• _DATASET EXTRACT_
== Segment start ==
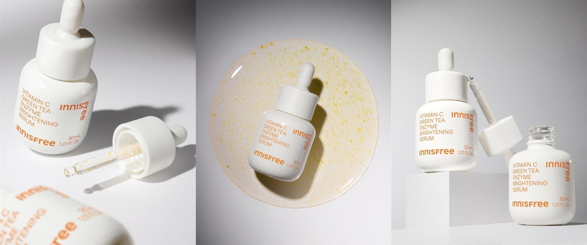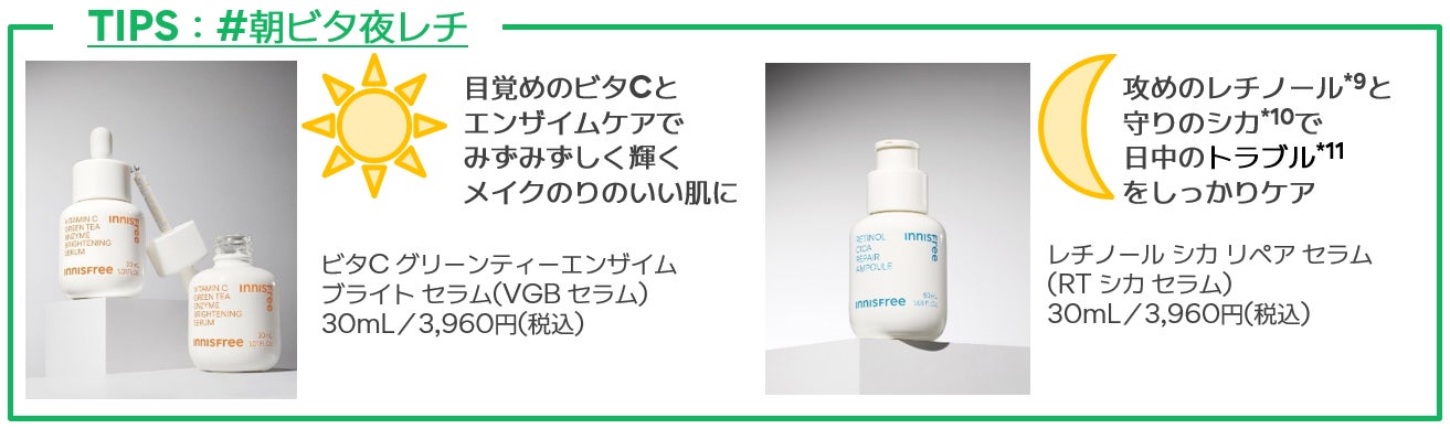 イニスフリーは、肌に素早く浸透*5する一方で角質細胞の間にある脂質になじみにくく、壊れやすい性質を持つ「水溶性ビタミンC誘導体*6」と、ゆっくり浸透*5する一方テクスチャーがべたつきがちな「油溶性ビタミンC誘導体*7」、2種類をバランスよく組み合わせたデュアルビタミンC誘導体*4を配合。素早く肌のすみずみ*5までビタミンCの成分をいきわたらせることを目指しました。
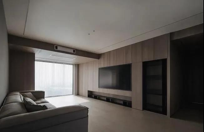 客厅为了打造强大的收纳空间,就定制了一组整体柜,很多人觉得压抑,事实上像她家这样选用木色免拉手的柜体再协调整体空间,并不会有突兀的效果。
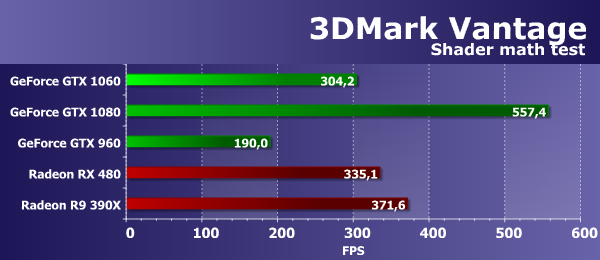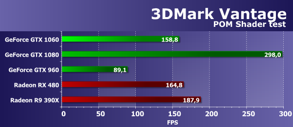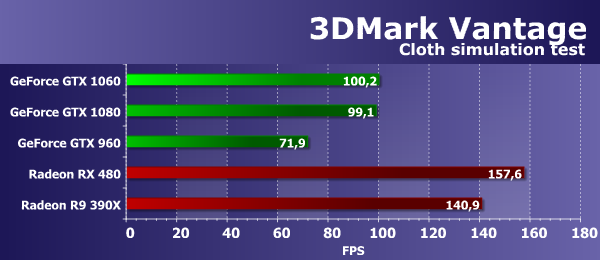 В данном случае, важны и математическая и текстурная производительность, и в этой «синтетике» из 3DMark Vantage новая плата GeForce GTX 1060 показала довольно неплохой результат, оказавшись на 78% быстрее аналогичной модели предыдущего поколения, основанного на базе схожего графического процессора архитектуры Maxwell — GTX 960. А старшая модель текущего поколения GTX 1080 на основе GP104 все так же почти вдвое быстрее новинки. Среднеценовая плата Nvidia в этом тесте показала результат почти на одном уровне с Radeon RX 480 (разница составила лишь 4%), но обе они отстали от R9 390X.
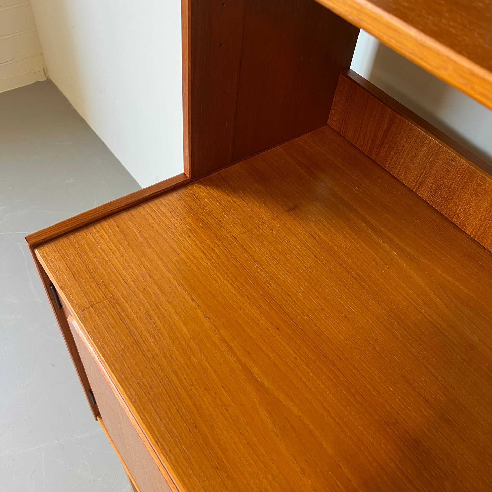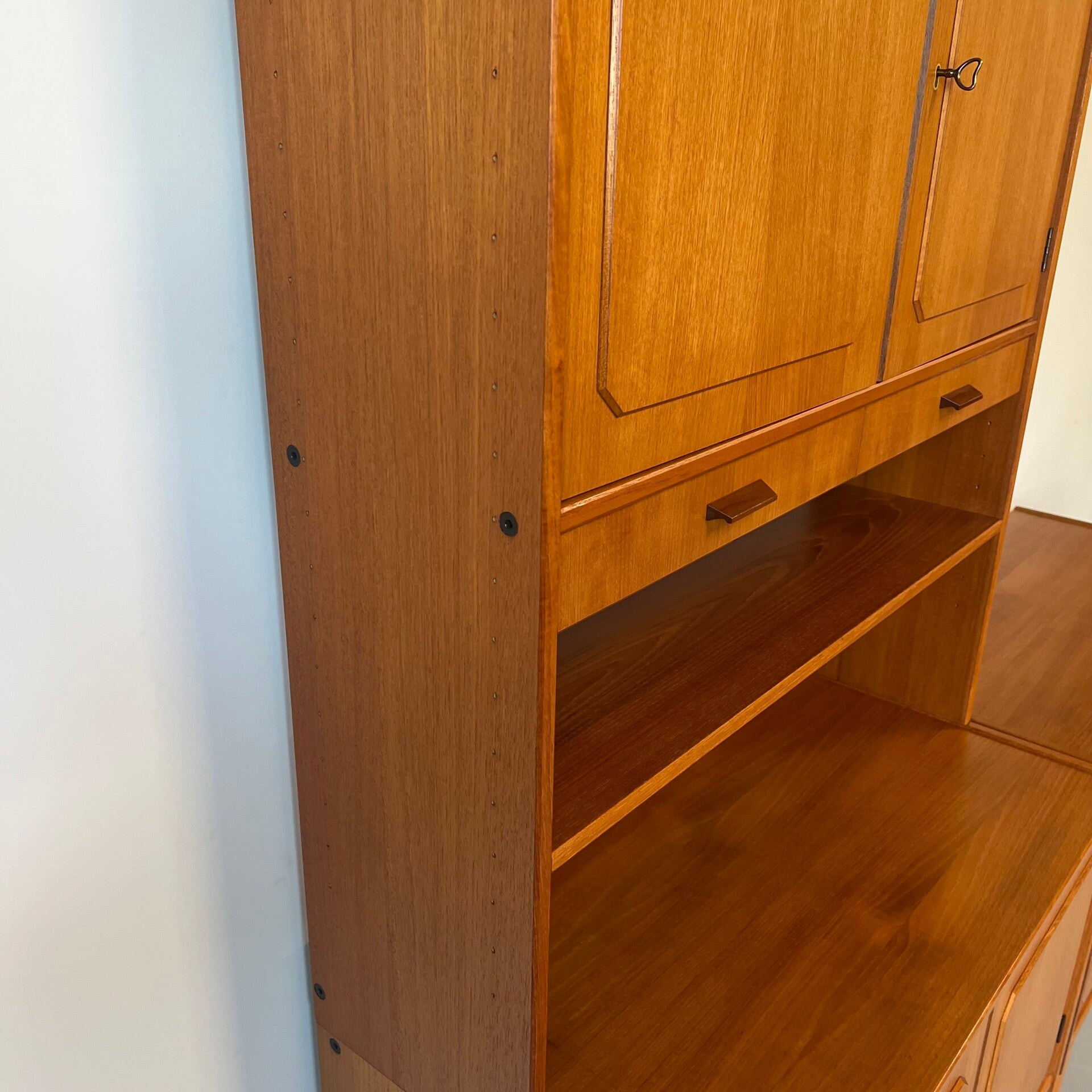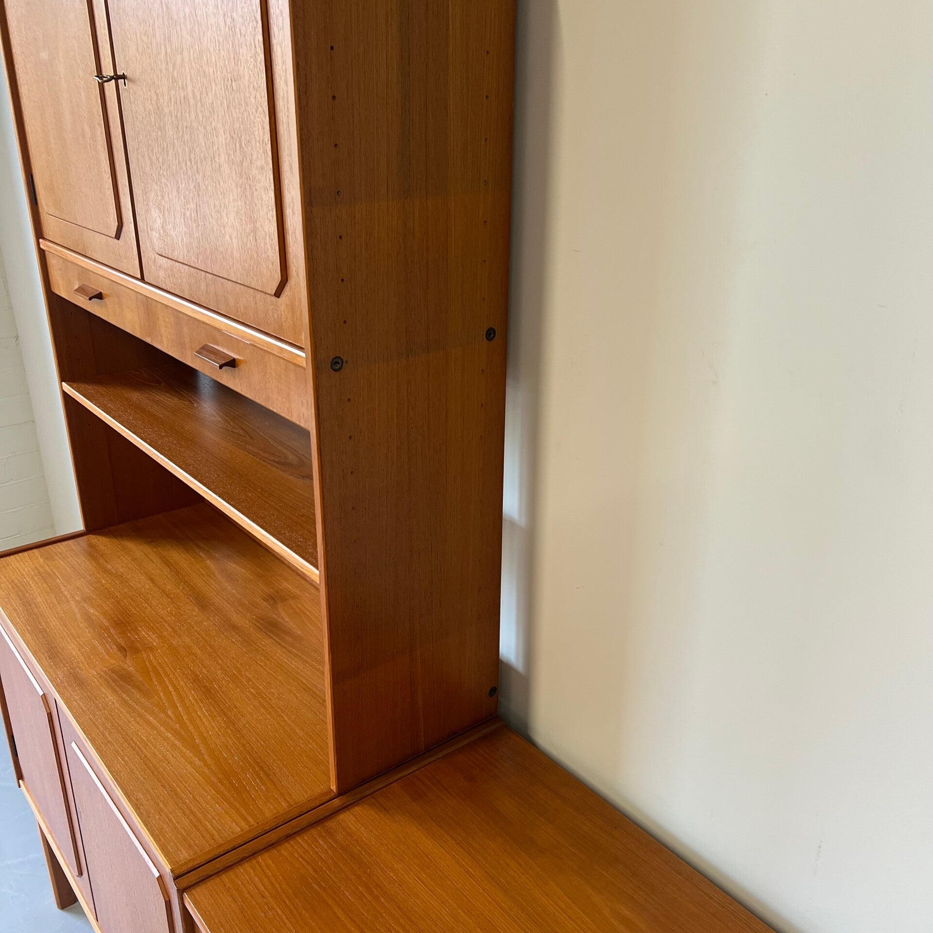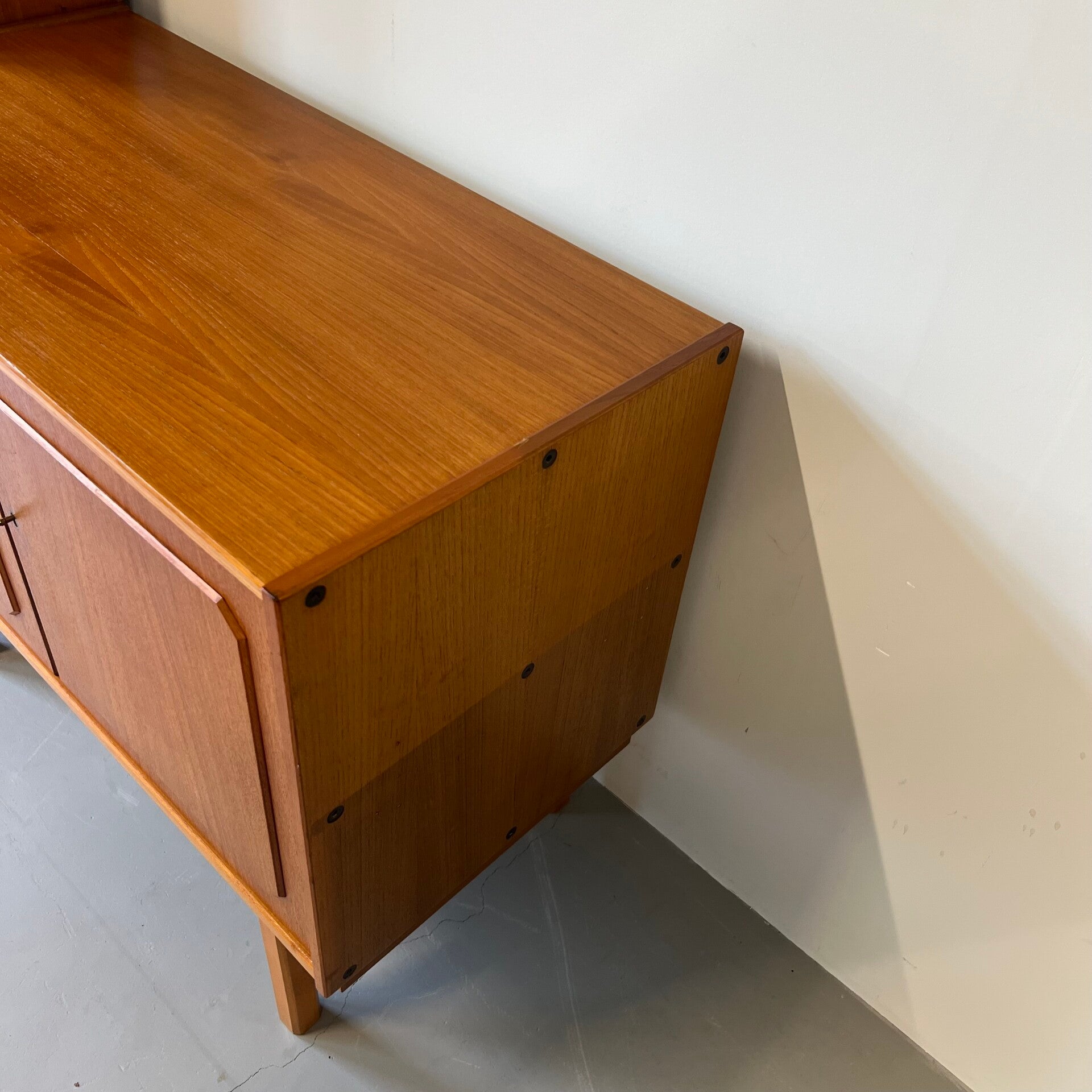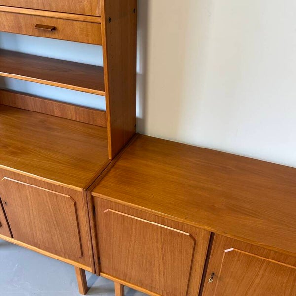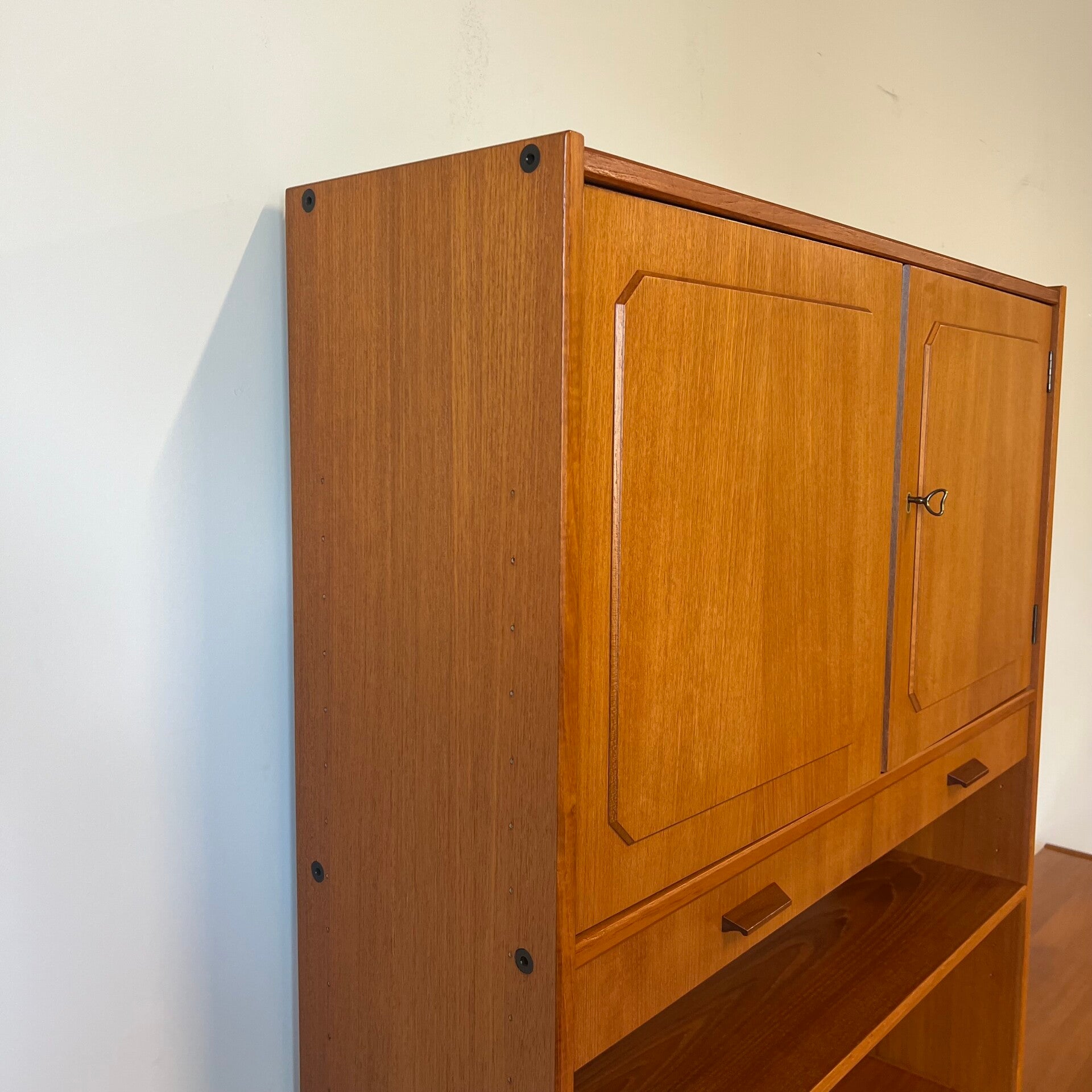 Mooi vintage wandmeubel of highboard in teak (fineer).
== Segment end ==
• _EXERCISE_
Write the listing again exactly, duplicating every line and skipping the pictures.

• _OUTPUT_
 イニスフリーは、肌に素早く浸透*5する一方で角質細胞の間にある脂質になじみにくく、壊れやすい性質を持つ「水溶性ビタミンC誘導体*6」と、ゆっくり浸透*5する一方テクスチャーがべたつきがちな「油溶性ビタミンC誘導体*7」、2種類をバランスよく組み合わせたデュアルビタミンC誘導体*4を配合。素早く肌のすみずみ*5までビタミンCの成分をいきわたらせることを目指しました。
 客厅为了打造强大的收纳空间,就定制了一组整体柜,很多人觉得压抑,事实上像她家这样选用木色免拉手的柜体再协调整体空间,并不会有突兀的效果。
 В данном случае, важны и математическая и текстурная производительность, и в этой «синтетике» из 3DMark Vantage новая плата GeForce GTX 1060 показала довольно неплохой результат, оказавшись на 78% быстрее аналогичной модели предыдущего поколения, основанного на базе схожего графического процессора архитектуры Maxwell — GTX 960. А старшая модель текущего поколения GTX 1080 на основе GP104 все так же почти вдвое быстрее новинки. Среднеценовая плата Nvidia в этом тесте показала результат почти на одном уровне с Radeon RX 480 (разница составила лишь 4%), но обе они отстали от R9 390X.
 Mooi vintage wandmeubel of highboard in teak (fineer).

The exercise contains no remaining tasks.